The UnmarshalJSON implementation above should look familiar. Besides the anonymous function defined at the start, it’s exactly the same as UnmarshalYAML.

// UnmarshalJSON(data)                           | // UnmarshalYAML(unmarshal)
                                                 |
unmarshal := func(target interface{}) error {    |
  return json.Unmarshal(data, target)            |
}                                                |
                                                 |
var name string                                  | var name string
if err := unmarshal(&name); err == nil {         | if err := unmarshal(&name); err == nil {
  u.Name = name                                  |   u.Name = name
  return nil                                     |   return nil
}                                                | }
                                                 |
type rawUser User                                | type rawUser User
if err := unmarshal((*rawUser)(u)); err != nil { | if err := unmarshal((*rawUser)(u)); err != nil {
  return err                                     |   return err
}                                                | }
                                                 |
return nil                                       | return nil

And that’s the key insight to make this re-use possible: call UnmarshalYAML from UnmarshalJSON, passing in that anonymous function as the unmarshal argument.

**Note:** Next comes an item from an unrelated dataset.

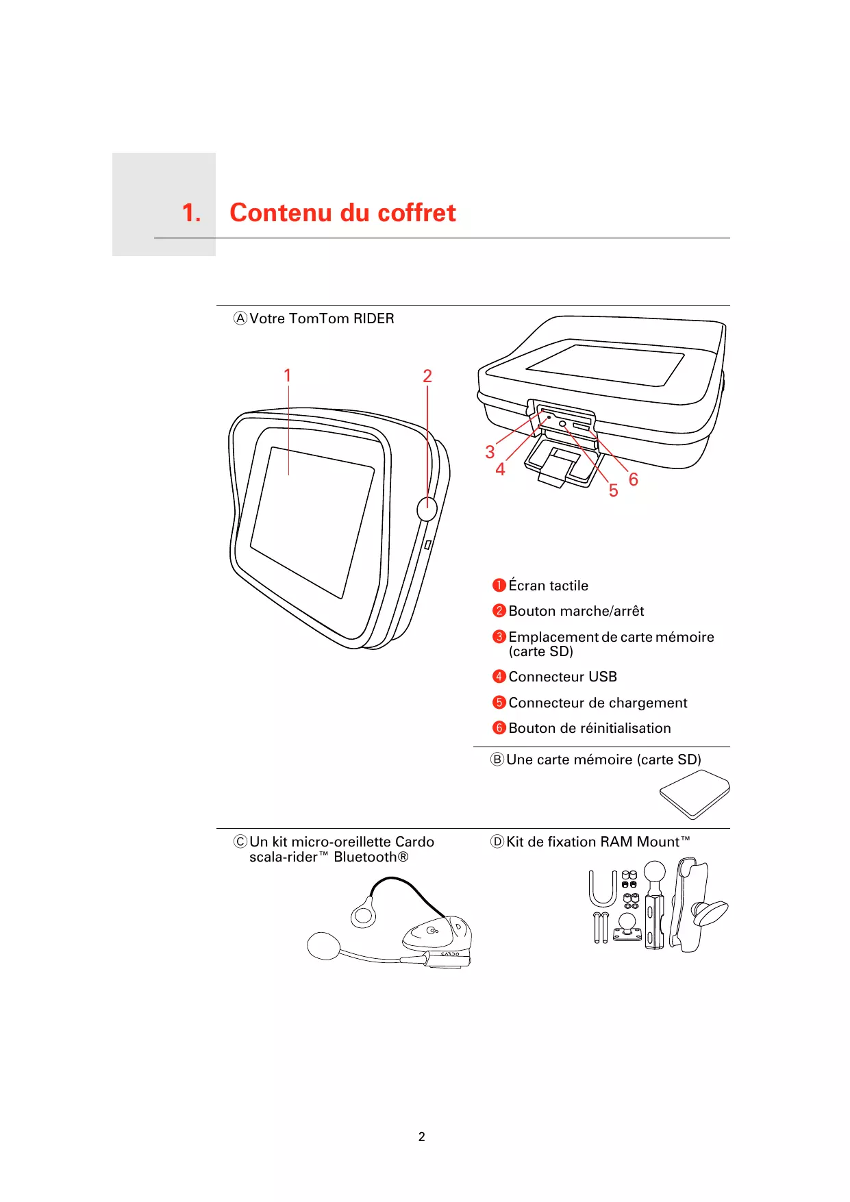 Contenu du coffret Contenu du coffret A Votre TomTom RIDER

func (u *User) UnmarshalJSON(data []byte) error {
  unmarshal := func(target interface{}) error {
    return json.Unmarshal(data, target)
  }
  return u.UnmarshalYAML(unmarshal)
}
💡 Tip

The above works but it merits a minor refactor to avoid questions like "Why does the JSON decoding method call the YAML decoding method?" in the future.

If you do this, move the core decoding logic into a separate unmarshalWith method that you call from UnmarshalYAML and UnmarshalJSON.

func (*User) unmarshalWith(unmarshal func(interface{}) error) error {
  var name string
  if err := unmarshal(&name); err == nil {
    u.Name = name
    return nil
  }

  type rawUser User
  if err := unmarshal((*rawUser)(u)); err != nil {
    return err
  }

  return nil
}

func (u *User) UnmarshalJSON(data []byte) error {
  return u.unmarshalWith(func(target interface{}) error {
    return json.Unmarshal(data, target)
  })
}

func (*User) UnmarshalYAML(unmarshal func(interface{}) error) error {
  return u.unmarshalWith(unmarshal)
}

8. Conclusion

Interfaces like yaml.Unmarshaler, its v3 variant, and json.Unmarshaler facilitate evolution of YAML and JSON shapes in a backwards-compatible way.

This pattern likely applies to libraries for other encoding formats too.

Edit(2022-01-24): Added Share logic with YAML.

Written on 2021-02-24. Last modified on 2022-01-24.